I will not tell you if instructors knew about this "money for nothing" solutions (or may be some knew but kept for themselves) but this situation is not an uncommon in the real research as well. Sometimes after a year of hard work comes an idea which solves the problem on 1--2 pages and renders useless 50 page paper already submitted. And then years after one understands that these 50 pages were relevant to another problem ...

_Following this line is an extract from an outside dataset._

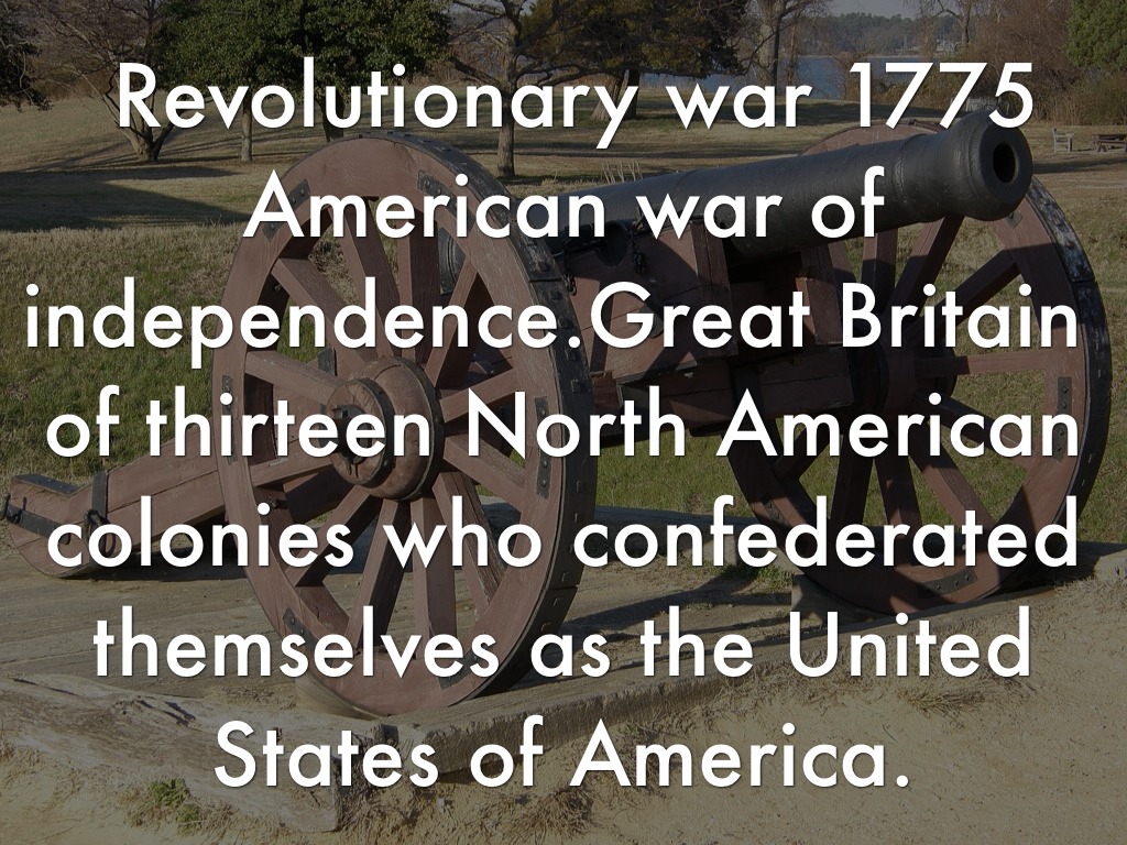 Revolutionary war 1775 American war of independence.Great Britain of thirteen North American colonies who confederated themselves as the United States of America.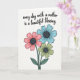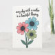 This card features a digital illustration of three stylized flowers arranged from the lower left on a bright white background, with a gentle, affectionate mood ❤️. The blooms lean slightly toward one another like close friends, creating a cozy little cluster that feels quietly caring. One flower is coral pink, one is soft sky blue, and one is muted sage green, each outlined with dark lines that keep the shapes crisp and easy to read. In the center of every blossom sits a deep charcoal-gray circle with a small white spiral detail that adds a tender, intimate touch. Thin stems and deep forest-green leaves stretch upward, giving the bouquet a calm, grounded look. Above the flowers, the message “every day with a mother is a beautiful blessing” appears centered in black lettering, spaced comfortably so it feels airy and open 🌼. The text sits in the upper half of the layout while the bouquet stays anchored in the lower left, and the petals show dark centers with white spiral marks.

J. Y. Yook made few mistakes uncritically applying formula (forgetting that the senior coefficient is not $1$ so that the r.h.e. must be divided by it.
\begin{equation*}
\left\{\begin{aligned}
&u'_1 t + u'_2 (t^2+1)= 0,\\
&u'_1 + u'_2 \cdot 2t= \frac{1}{t^2-1}.
\end{aligned}
\right.
\end{equation*}
Then
\begin{equation*}
\left\{\begin{aligned}
&u'_1=\frac{1}{t^2-1}-\frac{2t^2}{(t^2-1)^2},\\
&u'_2=\frac{t}{(t^2-1)^2}
\end{aligned}
\right.
\end{equation*}
and
\begin{align*}
&u_2 = \int \frac{t}{(t^2-1)^2}\,dt =-\frac{1}{2 (t^2-1)} +c_2, \text{substitution $z=t^2-1$}\\
&u_1 = \int \frac{1}{t^2-1}dt -\int \frac{2t^2}{(t^2-1)^2}dt=\int \frac{1}{t^2-1}dt + \int t\cdot d\left(\frac{1}{t^2-1}\right)= \frac{t}{t^2-1}+c_1
\end{align*}
where we integrated by parts in $u_1$. So
\begin{equation*}
y = u_1 t+ u_2 (t^2+1)= \frac{1}{2} +c_1 t+c_2 (t^2+1)
\end{equation*}
which is the general solution containing the partial solution.